Ford EcoSport contaminated with chip-seal bitumen particles drawn through the air intake into the ventilation system. Scuttle dismantled, UVA fog through ventilation on circulate, pollen filter replaced, Formula 429 throughout.
This Ford EcoSport came in covered in what turned out to be bitumen chip -- the fine gritty particles that come off a freshly chip-sealed road surface. The problem with chip-seal contamination is that the tiny particles get airborne and get drawn in through the car's air intake. On this car they had gone through the scuttle area, past the pollen filter, and into the ventilation system -- and then been circulated through the cabin. Little dots of the material were visible on every interior surface, including the windows.
James took the scuttle area completely apart to access the air intake and ventilation entry points.

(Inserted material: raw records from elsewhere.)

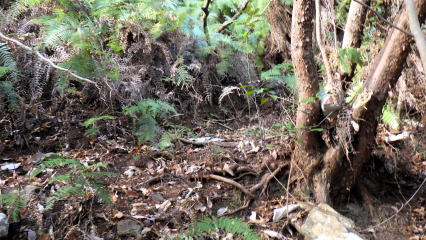 ![]() ①+②で急斜面を5分。踊り場に上がると、正面は酷いシダ藪です。右方向にあるロープ③を手に取り… |
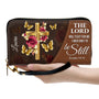 • The Lord Will Fight For Me Floral Cross - Personalized Leather Long Wallets - AT4081438
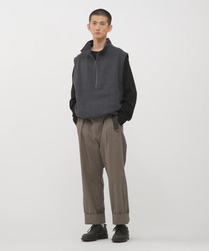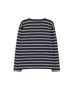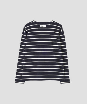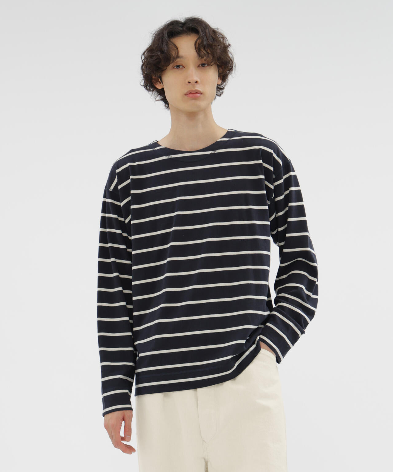 ネックラインはクルーネックのように詰まったカッティングで、さりげない個性が際立つバランス。シャツやニットのインナーとしても、トップスとしても着用しやすいアイテム。

While the scuttle was off, UVA fog was applied through the system with the air conditioning running on circulate -- that causes the intake flap to open and close repeatedly, so the disinfectant coats the flap and the mechanism rather than just the duct. Air was also blown through from both ends. Formula 429 (Chemspec, hospital grade) was used throughout.
The pollen filter was replaced -- it had taken the brunt of the contamination, and there was no point leaving it in. The scuttle area was cleaned out, all the brackets cleaned, and the front end reassembled. Interior vacuumed, all surfaces cleaned, mats washed. End result: all the contamination removed and the ventilation system clean.